Image result for the tsuranga conundrumBefore you can say 'PTing' the Tsuranga is under attack from a PTing, a tiny creature with a big appetite putting everyone in danger. Despite Her own pains The Doctress has to put things right. There are deaths and births until the PTing is discharged and the Tsuranga arrives to the main hospital in space.

The Tsuranga Conundrum is a whole mess of a mess, simultaneously packed and empty. Chibnall, who wrote this, decided it would be easier to leap about logic with wild abandon rather than think his way out of predicaments.

Take the opening for example. We start on this junk asteroid looking for...something. When we come across something that in theory should get them killed they then appear on the floating hospital because...reasons. To top that off, the TARDIS, left on that junk asteroid is quickly mentioned as the motivation for the Doctress to get off the Tsuranga but then the TARDIS is all but forgotten by the end.

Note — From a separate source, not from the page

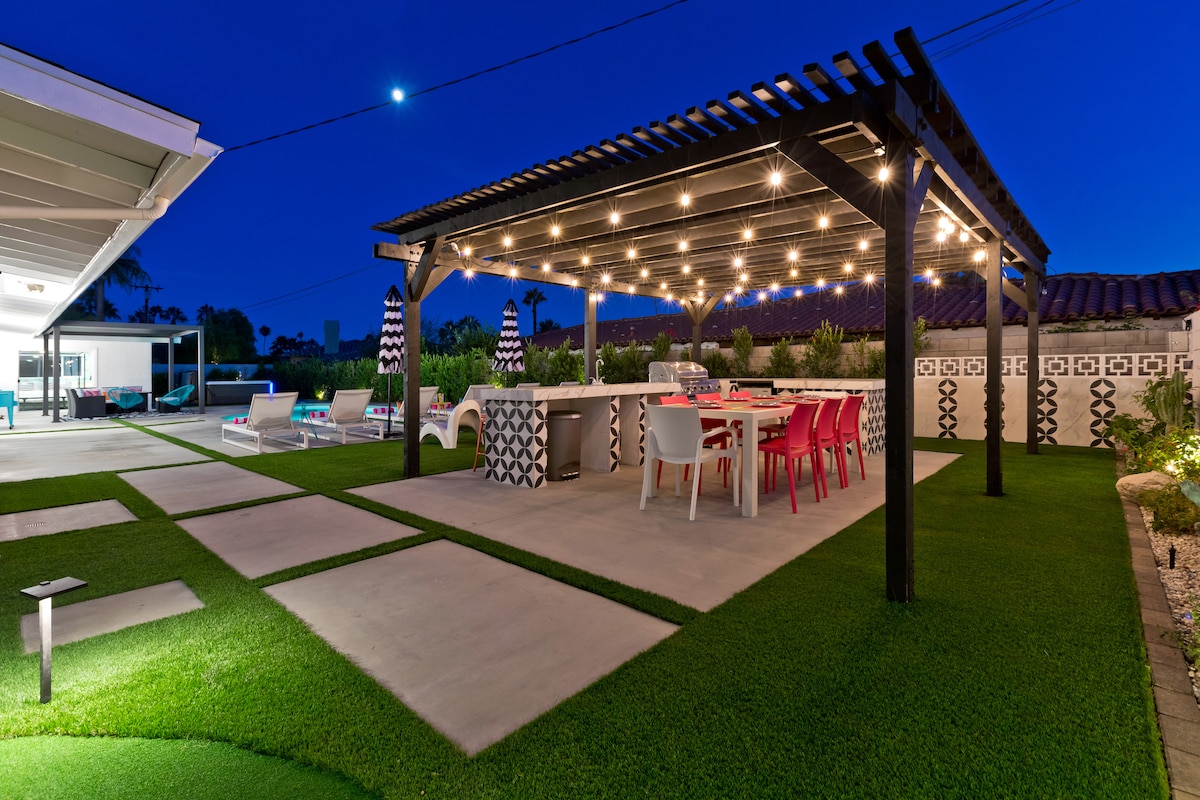 このトラウズデールにインスパイアされた、ミッドセンチュリーの3ベッドルーム/2バスルームのバケーションホームは、屋内と屋外の両方の生活を最高のものにしてくれます。 素晴らしい山の景色、パームスプリングスで最高の天気、ショッピング、レストラン、その他のエンターテイメントに近い静かなエリアの一流住宅街の他の物件の中でも際立っています。 パームスプリングスのすべてのバケーションレンタルに適用される地方自治体の12.5%の税金については、以下の重要な注意事項をご覧ください。

In other words, unless specific mention is made in the next episode, how exactly She recovered the TARDIS will forever be left unexplained.

I figure that the PTing was created to sell toys. Either that or Chibnall is delusional if he thinks he can make something simultaneously cute and threatening. I burst out laughing the first time I saw it. I burst out laughing the last time I saw it. It was just so hilariously awful. It's here where I say 'bless the actors' for trying so hard, so terribly hard, to convince me that the PTing was some kind of dangerous threat.

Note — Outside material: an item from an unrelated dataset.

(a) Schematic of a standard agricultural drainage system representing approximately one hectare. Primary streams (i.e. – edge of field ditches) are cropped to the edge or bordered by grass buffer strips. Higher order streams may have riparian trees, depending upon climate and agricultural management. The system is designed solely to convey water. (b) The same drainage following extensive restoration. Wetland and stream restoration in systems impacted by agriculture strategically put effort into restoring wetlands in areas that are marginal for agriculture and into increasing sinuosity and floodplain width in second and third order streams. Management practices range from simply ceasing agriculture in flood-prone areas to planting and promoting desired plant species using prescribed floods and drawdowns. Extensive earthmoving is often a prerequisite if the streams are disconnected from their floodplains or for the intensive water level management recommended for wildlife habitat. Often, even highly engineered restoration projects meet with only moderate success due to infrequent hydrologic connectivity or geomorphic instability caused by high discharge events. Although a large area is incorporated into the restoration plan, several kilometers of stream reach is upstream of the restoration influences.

Related imageIt's a sad thing when you feel sorry for these actors having to work with such rubbish. It's sadder still when they have to work with director Jennifer Perrott. She seemed unable to settle on a tone: goofy one moment, 'deadly' serious the next, sometimes in the same scene. While part of the fault here lies in the script, other elements clearly under her control showed her as shockingly inept.

Take for example what is meant as The Doctress' climatic speech about antimatter, itself an odd choice for such dramatic moments but whatever. For some reason known to no one Perrott opted to have a shot of Her hands waving about.

Why she opted to have a shot of Her hands...

Throughout The Tsuranga Conundrum Perrott opted to have lots of spinning camera work and a lot of cinematic flashes that end up nowhere and make things more confusing.

Everything in The Tsuranga Conundrum was stunningly bad. The Pregnant Man was superfluous to the plot save perhaps as the gateway to introduce Ryan's parent issues. At least there is logic to The Pregnant Man: his species is one where males give birth to males and females to females. I'm not sure exactly how that would work among the Gifftans (do males impregnate males and females to females), but there it is.

However, Yoss naming his child "Avocado Pear" in tribute to Ryan and Graham, meant for laughs, comes off as idiotic even insulting. I can see why Graham and Ryan worked with him: having Yaz and Yoss together would have been too confusing.

The performances were equally bad. Whittaker seems clumsy, clunky and inept as The Doctress, all jumbling and frenetic. Man or woman this version of The Doctor is so unbearably dumb and inspires nothing but fear that She is in charge. To be fair at least Gill improved to where she had something to do but it's sad that Walsh was relegated to sitting with The Pregnant Man.

I cannot feel for the guest cast because they were not on-screen long enough to have them do anything to make me feel anything for them. Lois Chimimba as Mabli the rookie nurse was good in her fear and slowly growing self-confidence in this crisis. However, whether Eve Cicero had 'Corton Fever' or 'Pilot's Heart' does not make me care.

I did like the score, which had a very Music From the Hearts of Space feel.

The Tsuranga Conundrum is rushed and hollow, with a laughable antagonist, bad efforts at jokes (the Hamilton comment was not funny, though hearing Durkas say "I'm a Cicero" reminded me of Chicago's Cell Block Tango).

It's not a Conundrum. It's a Fiasco.